Raw data:
● ● ● ● ●

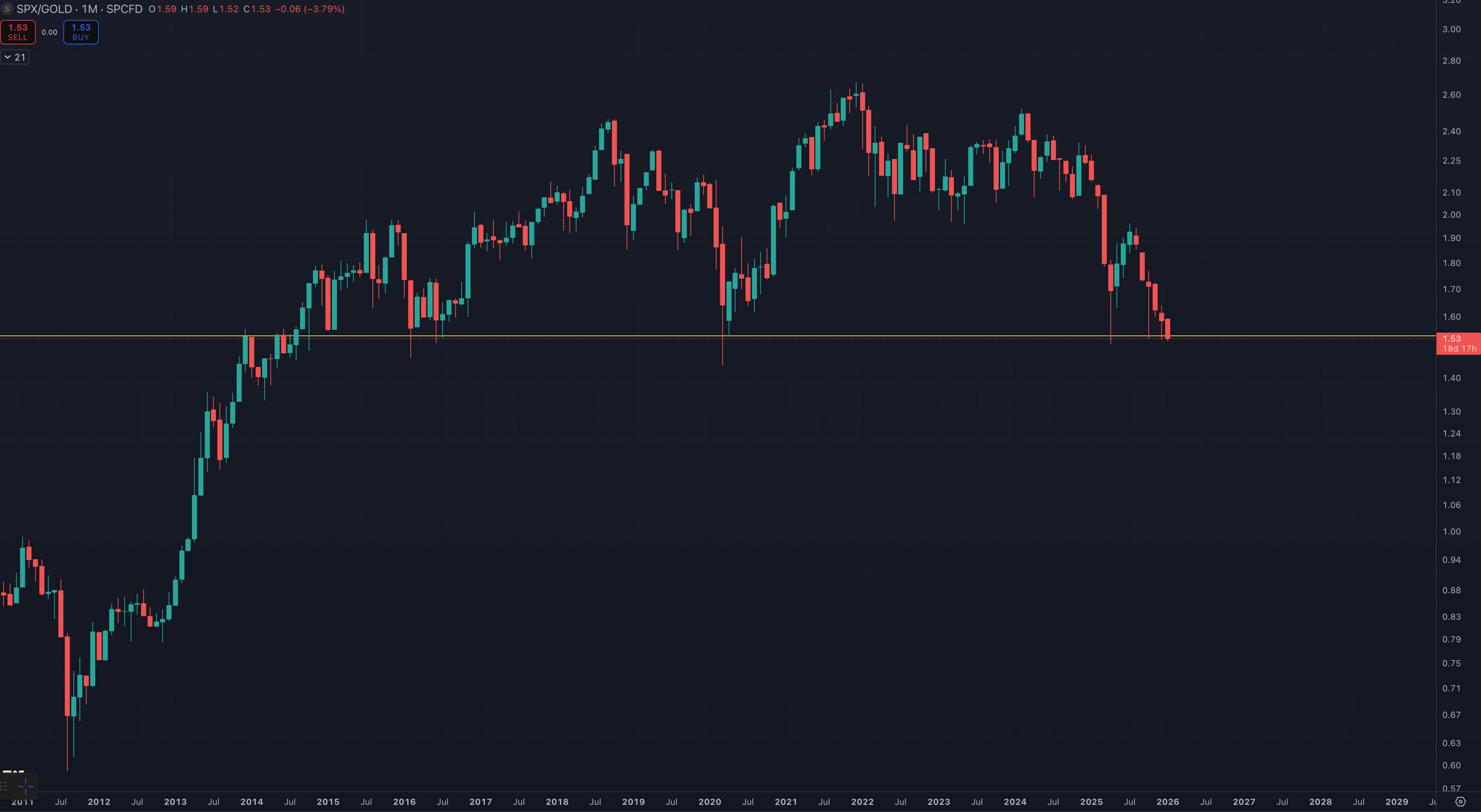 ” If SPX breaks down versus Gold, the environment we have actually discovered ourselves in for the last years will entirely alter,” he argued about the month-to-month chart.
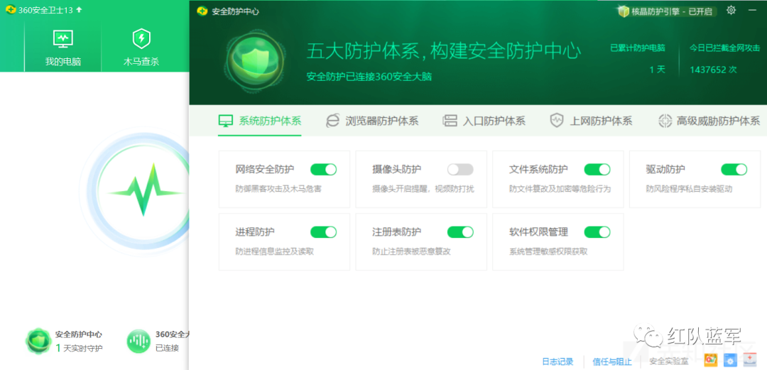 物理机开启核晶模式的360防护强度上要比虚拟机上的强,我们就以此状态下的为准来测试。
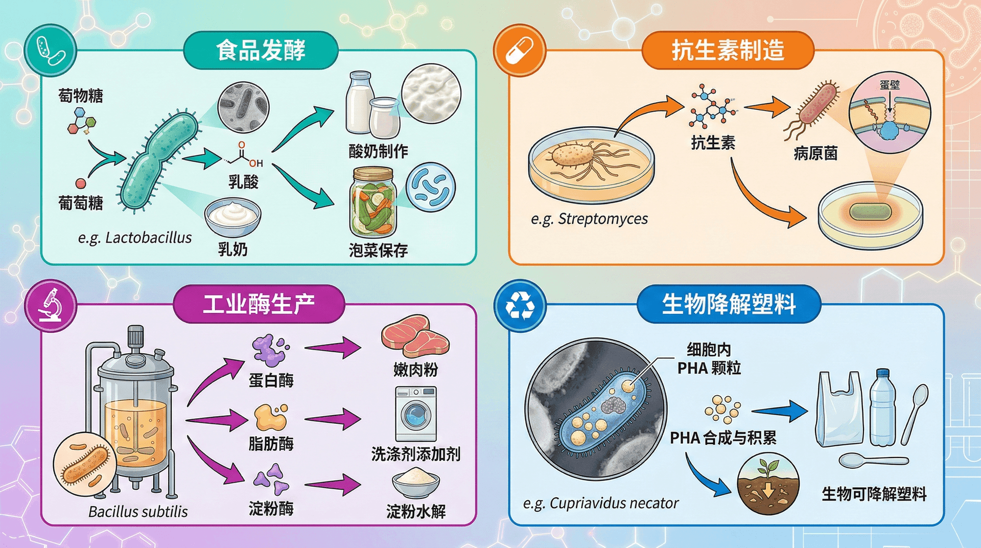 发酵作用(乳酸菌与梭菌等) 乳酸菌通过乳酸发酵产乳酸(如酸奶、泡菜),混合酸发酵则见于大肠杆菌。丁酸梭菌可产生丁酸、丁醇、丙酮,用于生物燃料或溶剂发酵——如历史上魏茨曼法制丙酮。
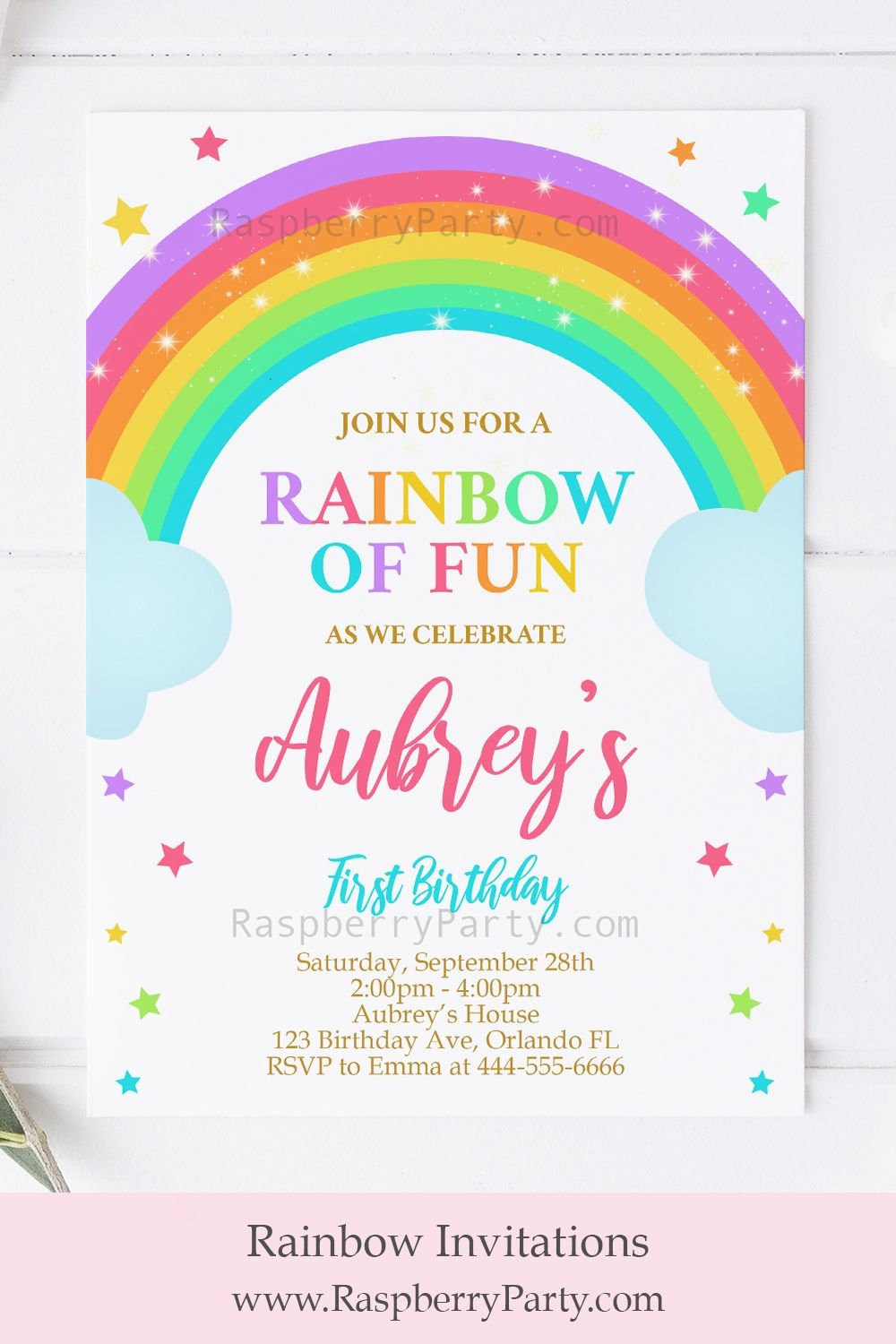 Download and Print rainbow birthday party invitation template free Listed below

● ● ● ● ●

Description of the task:
Return every line of the data above exactly, and omit all pictures.

Answer to this task:
 ” If SPX breaks down versus Gold, the environment we have actually discovered ourselves in for the last years will entirely alter,” he argued about the month-to-month chart.
 物理机开启核晶模式的360防护强度上要比虚拟机上的强,我们就以此状态下的为准来测试。
 发酵作用(乳酸菌与梭菌等) 乳酸菌通过乳酸发酵产乳酸(如酸奶、泡菜),混合酸发酵则见于大肠杆菌。丁酸梭菌可产生丁酸、丁醇、丙酮,用于生物燃料或溶剂发酵——如历史上魏茨曼法制丙酮。
 Download and Print rainbow birthday party invitation template free Listed below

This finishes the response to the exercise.